Directory Proxy Servers
If you use DS directory proxy servers for a unified view of the service, they discover DS replicas by querying the replication service. They forward requests to the replicas, and responses to the client applications.
In addition to redundant server components, avoiding downtime depends on being able operationally to recover quickly and effectively. Prepare and test your plans. Even if disaster strikes, you will be able to repair the service promptly.
Plan how you store backup files both onsite and offsite. Make sure you have safe copies of the master keys that let directory servers decrypt encrypted data. For details, see Backup and Restore.
When defining disaster recovery plans, consider at least the following situations:
The entire service is down.
It is important to distinguish whether the situation is temporary and easily recoverable, or permanent and requires implementation of disaster recovery plans.
If an accident, such as a sudden power cut at a single-site deployment, brought all the servers down temporarily, restart them when the power returns. As described in "Server Recovery", directory servers might have to replay their transaction logs before they are ready. But this operation happens automatically when you restart the server.
In a disaster, the entire service could go offline permanently. Be prepared to rebuild the entire service. For details, see "Disaster Recovery".
Part of the service is down.
Failover client applications to servers still in operation, and restart or rebuild servers that are down.
You can configure directory proxy servers to failover automatically, and to retry requests for certain types of failure. For details, see LDAP Proxy.
The network is temporarily down between servers.
By default, you do not need to take immediate action for a temporary network outage. As long as client applications can still communicate with local servers, replication is designed to catch up when the network connections are reestablished.
By default, when a directory server replica cannot communicate with a replication server, the
isolation-policy
prevents the directory server replica from accepting updates.In any case, if the network is partitioned longer than the replication purge delay (default: 3 days), then replication will have purged older data, and might not be able to catch up. For longer network outages, you will have to reinitialize replication.
When defining procedures to rebuild a service that is permanently offline, the order of operations is the same as during an upgrade:
Redirect client applications to a location where the service is still running.
If the proxy layer is still running, directory proxy servers can automatically fail requests over to remote servers that are still running.
Rebuild replication servers.
Rebuild directory servers.
Rebuild directory proxy servers.
High Scalability
A high-scale directory service is one that requires high performance. For example, very high throughput or very low response times, or both. Or, it has a large data set, such as 100 million entries. When building a high-scale directory, the fundamental question is whether to scale up or scale out.
Scaling up means deploying more powerful server systems. Scaling out means deploying many more server systems.
Scaling Up | Scaling Out | |
---|---|---|
Why Choose...? | Simpler architecture Cannot distribute or shard data | Very high update load Can distribute or shard data |
Advantages | Simpler architecture No need to distribute or shard data | Not limited by underlying platform Smaller server systems Better isolation of issues High update scalability |
Disadvantages | Limited by underlying platform Powerful (expensive) server systems Less isolation of issues Limited write scalability | Complex architecture Must distribute/shard data somehow |
Plan to Scale
Before building a test directory service, start sizing systems by considering service level objectives (SLOs) and directory data.

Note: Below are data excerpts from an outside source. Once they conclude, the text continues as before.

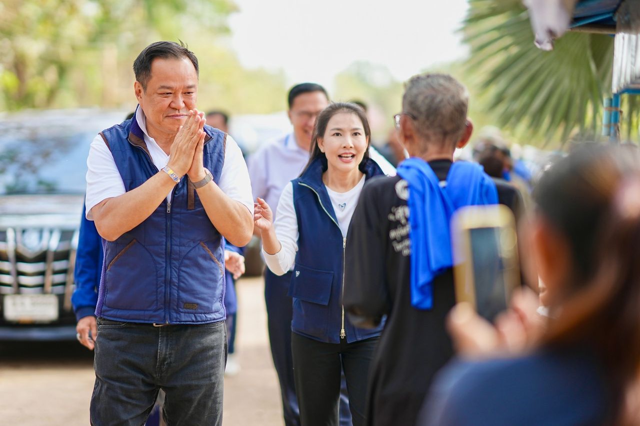 โดยทันทีที่นายอนุทินเดินทางถึง ชาวบ้านได้นำพวงมาลัยดอกดาวเรืองคล้องคอ และผ้าขาวม้าผูกเอวต้อนรับตามธรรมเนียมภาคอีสาน บรรยากาศเป็นไปด้วยความคึกคัก ท่ามกลางเพลงหาเสียงของพรรค ภท. เช่น เพลงเลือกแล้วค่ะ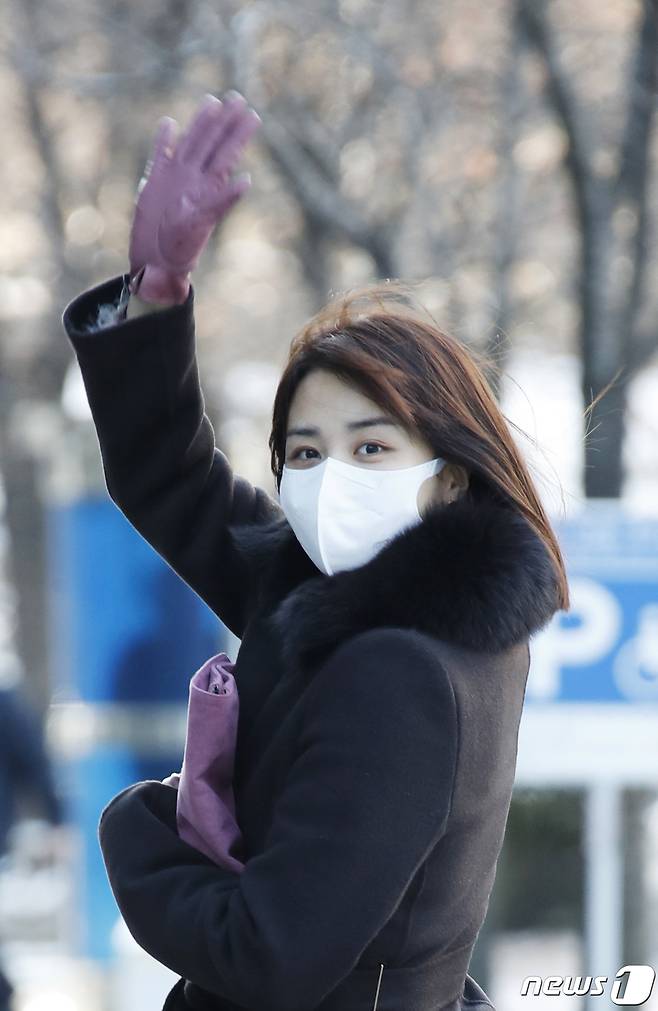 (서울=뉴스1) 권현진 기자 = 배우 박하선이 7일 서울 양천구 목동 SBS에서 열린 '박하선의 씨네타운'을 위해 출근을 하며 인사를 하고 있다. 2021.1.7/뉴스1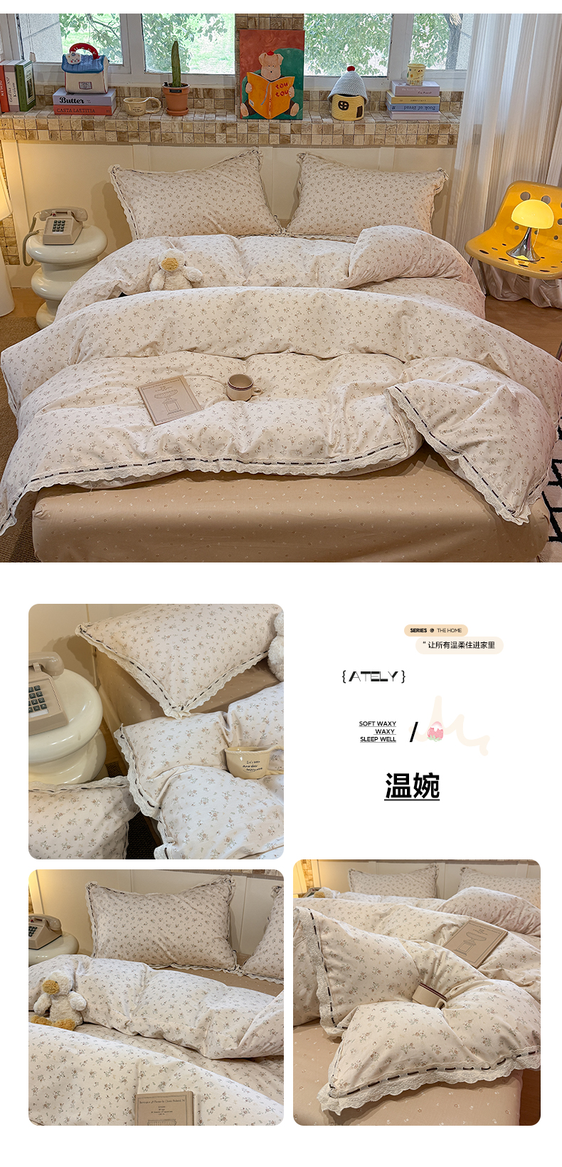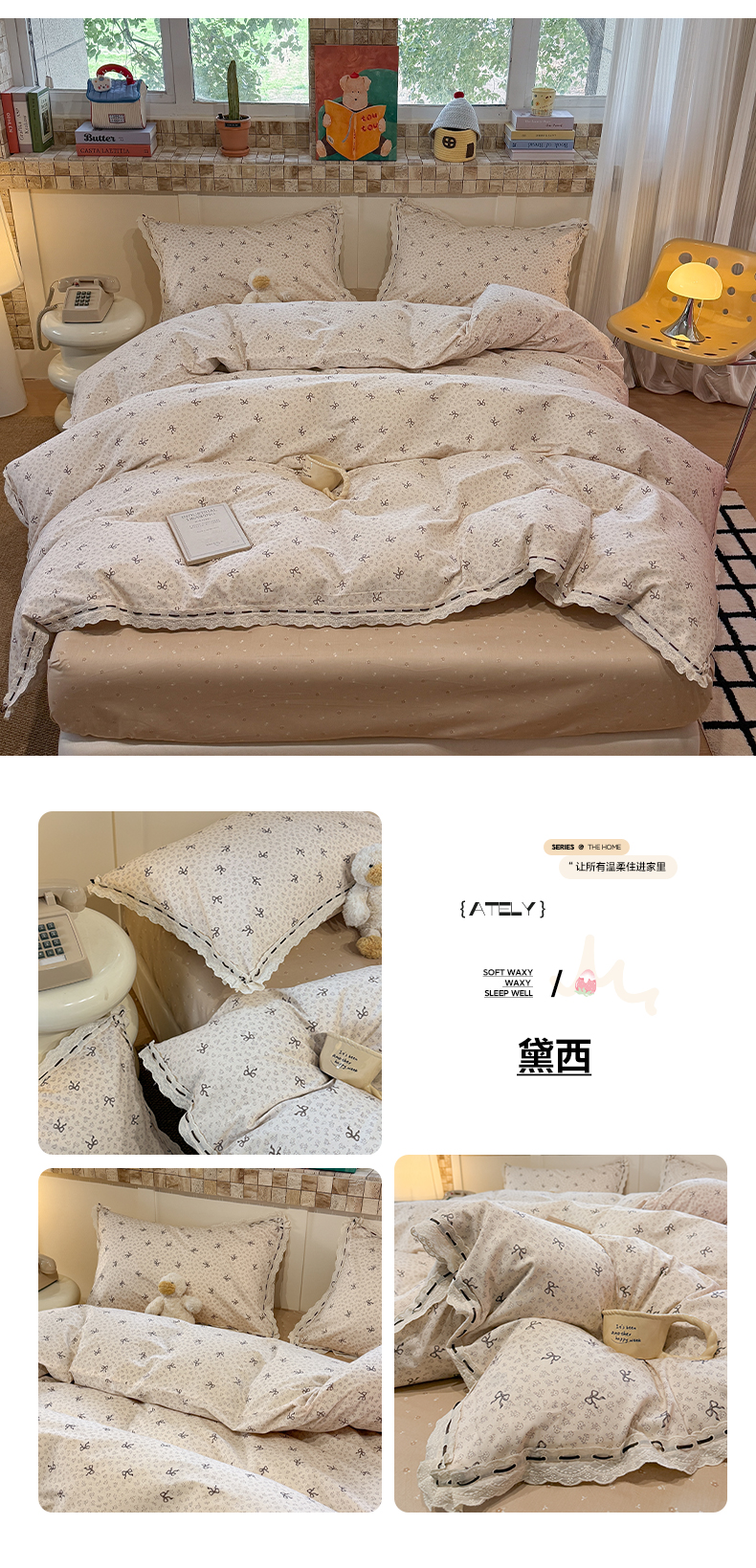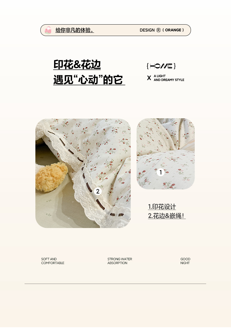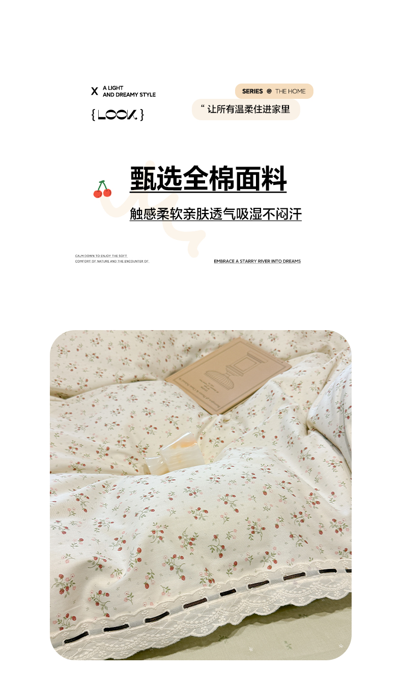 (总)澳萝拉 2022新款全棉印花花边四件套,点点心动,蓝心邂逅,萌系甜心,心动初恋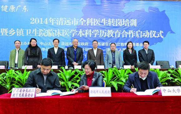 After six-month preparation, the signing ceremony of the project “Healthy Guangdong — Qingyuan General Practitioner Transition Training and Adult Undergraduate Education for Community Clinical Medical Science” was held in Qingyuan People’s Hospital on December 9, 2014. The project is jointly sponsored by Guangdong Hopson Pearl River Education and Development Foundation, Sun Yat-sen University (SYSU) and Qingyuan Municipal People’s Government. Prof. Huang Daren, President of Guangdong Hopson Pearl River Education and Development Foundation; Mr. Ge Changwei, Secretary of the CPC Qingyuan Municipal Committee; Ms. Chen Jianhua, Deputy Mayor of Qingyuan; Prof. Yu Minbin, Vice President of SYSU; Prof. Xiao Haipeng, Party Secretary of The First Affiliated Hospital of SYSU; and Prof. Li Guanhong, Deputy Dean of Zhongshan School of Medicine of SYSU, attended the ceremony with 150 students and teachers.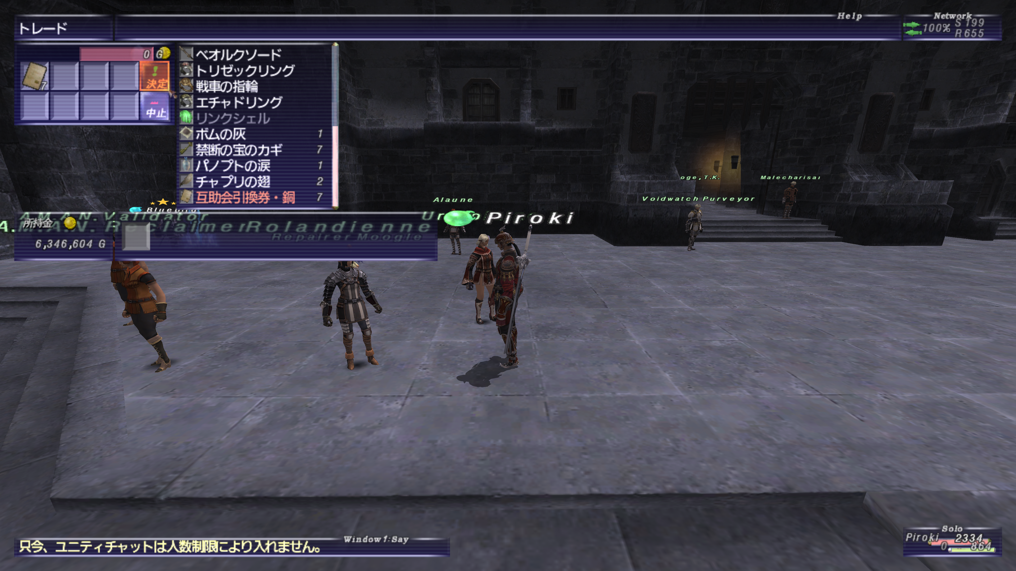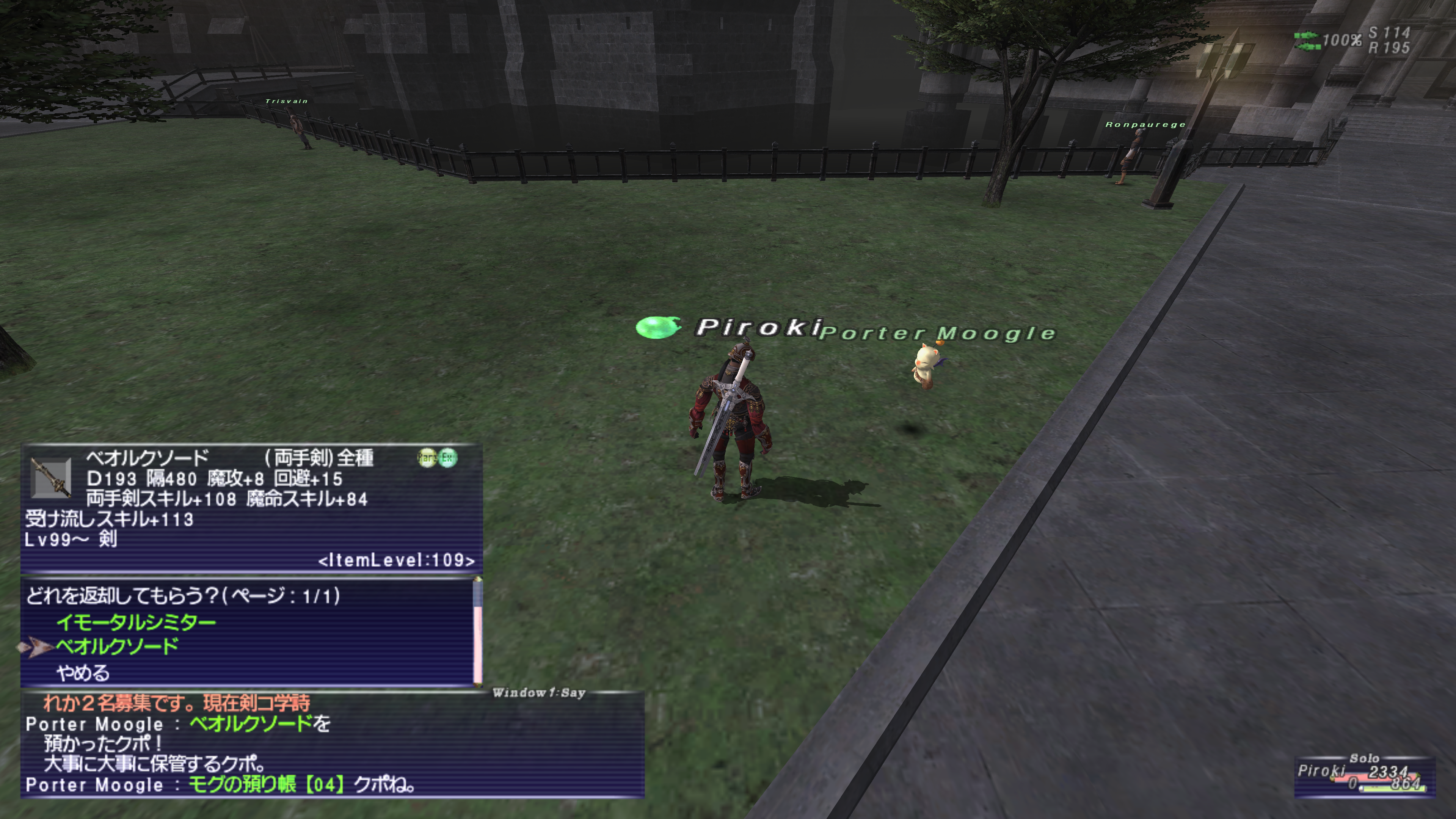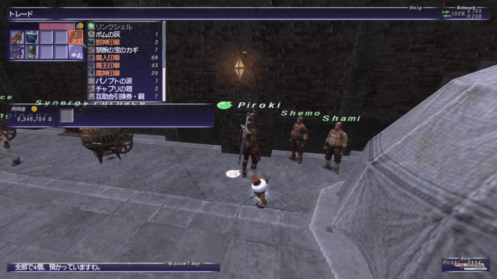 北サンドリア(K-8)などにいる「Porter Moogle」に預けたいアイテムをトレードする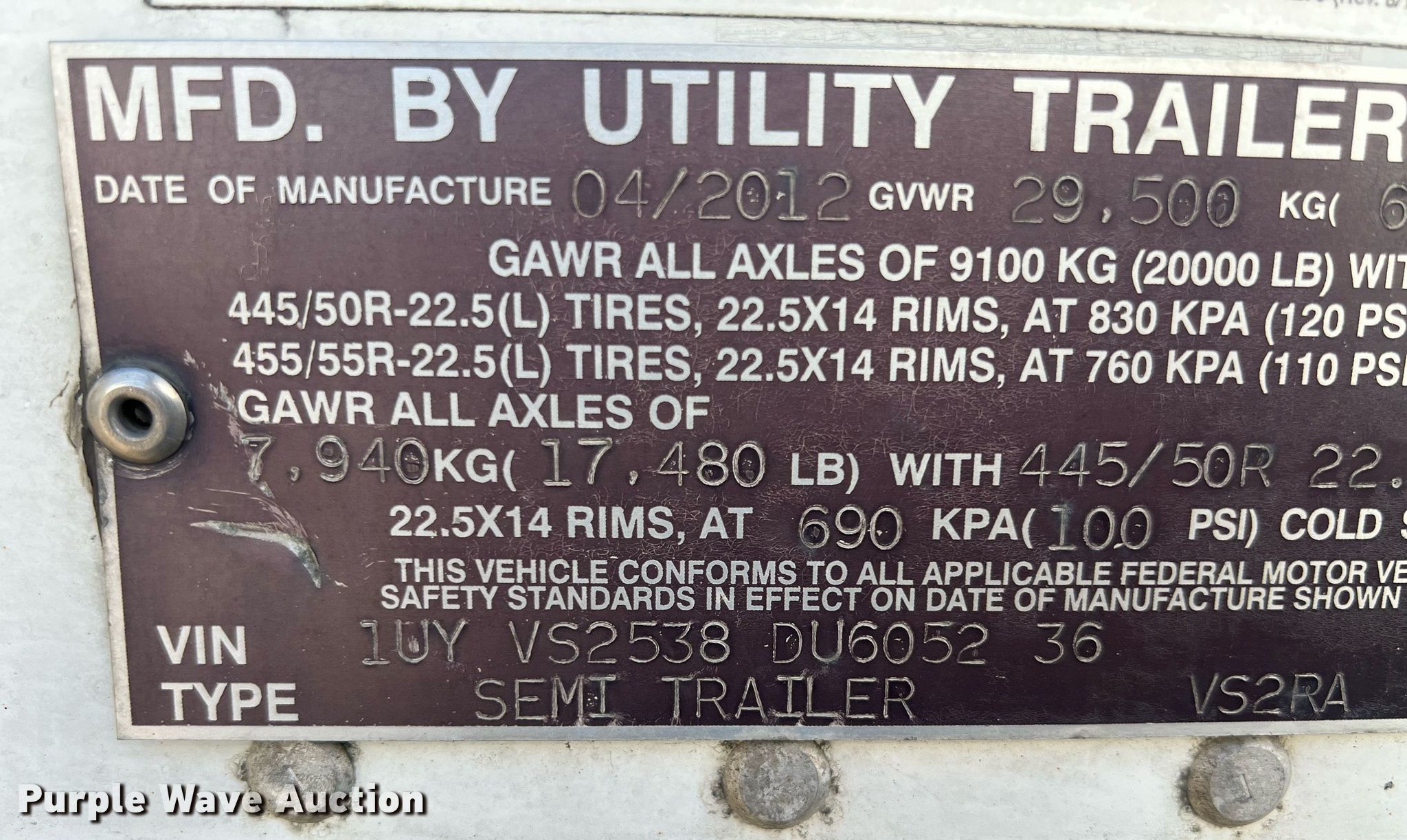 2013 Utility refrigerated van trailer. VIN: 1UYVS2538DU605236. Dimensions Overall: 53' L x 102" W. Features Deck type: Aluminum, Refrigeration unit Carrier X2 100 Advance. Chassis Landing gear: Dual, Suspension: Air, Brakes: Air, Axles: Tandem, Sliding, GVWR: 65,000 lbs. Tires Aluminum wheels, Size: 445/50R22.5. Kansas title. Title distribution may be delayed up to 14 days from verification of funds. JJT Logistics LLC. 2333 165th Rd. Wathena, KS 66090

Define SLOs as described in "Performance Requirements". Once you have defined the SLOs, model directory client traffic to test them using your own tools or the tools described in "Performance Tests".
Estimate the disk space needed for each server. This depends on the traffic you modelled to meet SLOs, and on directory data that represents what you expect in production:
Import a known fraction of the expected initial data with the server configured for production.
For help, see "Generate Test Data". Make sure you adapt the template for your data. Do not rely only on the default template for the makeldif command.
Check the size of the database.
Divide by the fraction used in the previous step to estimate the total starting database size.
Multiply the result to account for replication metadata.
To estimate the volume of replication metadata, set up replication with multiple servers as expected in production, and run the estimated production load that corresponds to the data you used. Keep the load running until the replication purge delay. After the purge delay, measure the size of the databases on a directory server, and the size of the changelog database on a replication server. Assuming the load is representative of the production load including expected peaks and normal traffic, additional space used since the LDIF import should reflect expected growth due to replication metadata.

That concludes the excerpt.